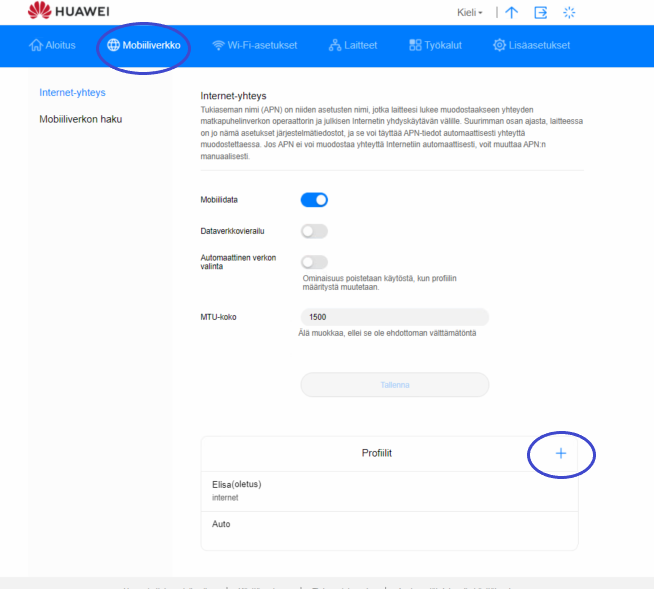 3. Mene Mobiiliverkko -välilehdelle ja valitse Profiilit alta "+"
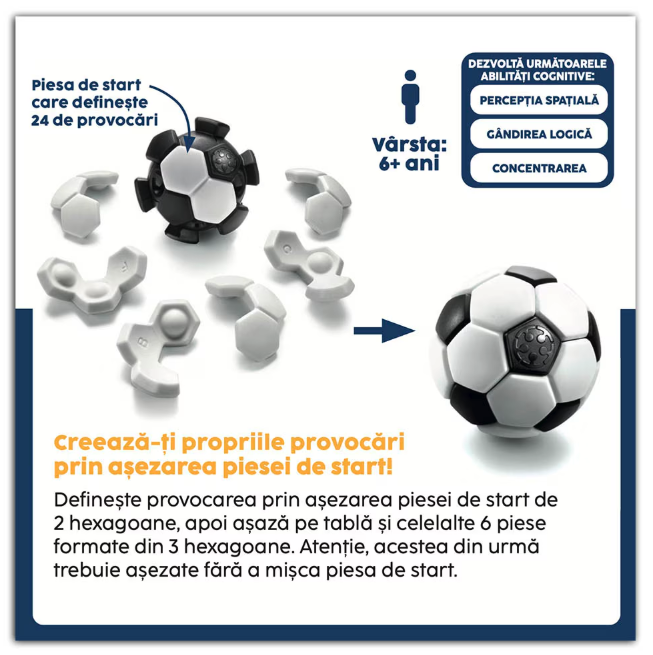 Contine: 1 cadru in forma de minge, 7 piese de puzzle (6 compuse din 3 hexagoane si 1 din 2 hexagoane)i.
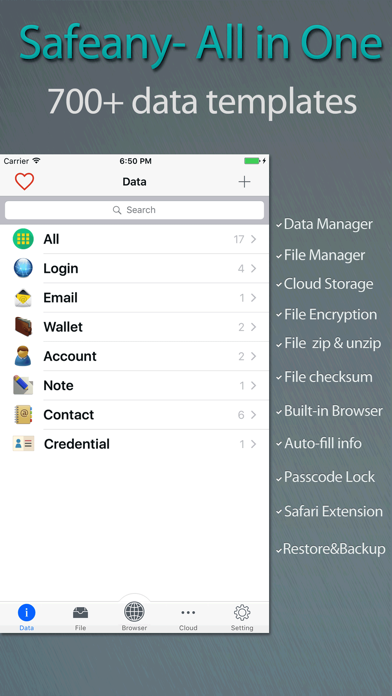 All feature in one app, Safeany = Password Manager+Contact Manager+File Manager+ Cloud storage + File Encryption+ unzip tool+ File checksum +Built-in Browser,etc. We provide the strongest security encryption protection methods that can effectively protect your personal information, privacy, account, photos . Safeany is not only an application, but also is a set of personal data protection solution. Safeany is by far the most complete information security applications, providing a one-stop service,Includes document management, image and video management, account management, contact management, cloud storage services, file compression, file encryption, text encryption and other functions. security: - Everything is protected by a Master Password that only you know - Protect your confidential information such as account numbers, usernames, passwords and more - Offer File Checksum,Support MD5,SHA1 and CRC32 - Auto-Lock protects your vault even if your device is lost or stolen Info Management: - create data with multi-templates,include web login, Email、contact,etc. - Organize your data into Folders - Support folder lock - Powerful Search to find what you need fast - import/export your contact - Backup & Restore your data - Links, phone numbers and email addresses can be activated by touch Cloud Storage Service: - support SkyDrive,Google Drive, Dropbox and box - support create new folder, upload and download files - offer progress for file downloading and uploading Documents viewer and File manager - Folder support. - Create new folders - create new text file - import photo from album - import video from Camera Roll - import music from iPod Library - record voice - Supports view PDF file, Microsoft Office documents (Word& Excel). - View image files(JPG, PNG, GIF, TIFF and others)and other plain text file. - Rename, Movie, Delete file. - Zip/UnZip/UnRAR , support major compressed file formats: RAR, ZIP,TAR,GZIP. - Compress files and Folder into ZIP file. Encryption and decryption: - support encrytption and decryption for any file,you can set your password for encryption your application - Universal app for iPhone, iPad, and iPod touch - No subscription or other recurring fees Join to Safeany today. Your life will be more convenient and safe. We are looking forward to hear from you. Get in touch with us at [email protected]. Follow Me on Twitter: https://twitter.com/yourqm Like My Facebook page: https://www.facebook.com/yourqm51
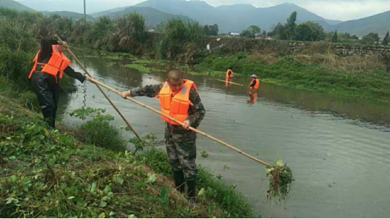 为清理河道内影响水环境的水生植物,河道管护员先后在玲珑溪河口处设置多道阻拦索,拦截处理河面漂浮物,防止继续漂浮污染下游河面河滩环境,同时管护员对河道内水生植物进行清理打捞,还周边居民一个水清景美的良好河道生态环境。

- **What to do**
From the opening line of the listing above through the line bearing "Contine: 1 cadru", repeat each line exactly. Drop every picture.

- **Finished task**
 3. Mene Mobiiliverkko -välilehdelle ja valitse Profiilit alta "+"
 Contine: 1 cadru in forma de minge, 7 piese de puzzle (6 compuse din 3 hexagoane si 1 din 2 hexagoane)i.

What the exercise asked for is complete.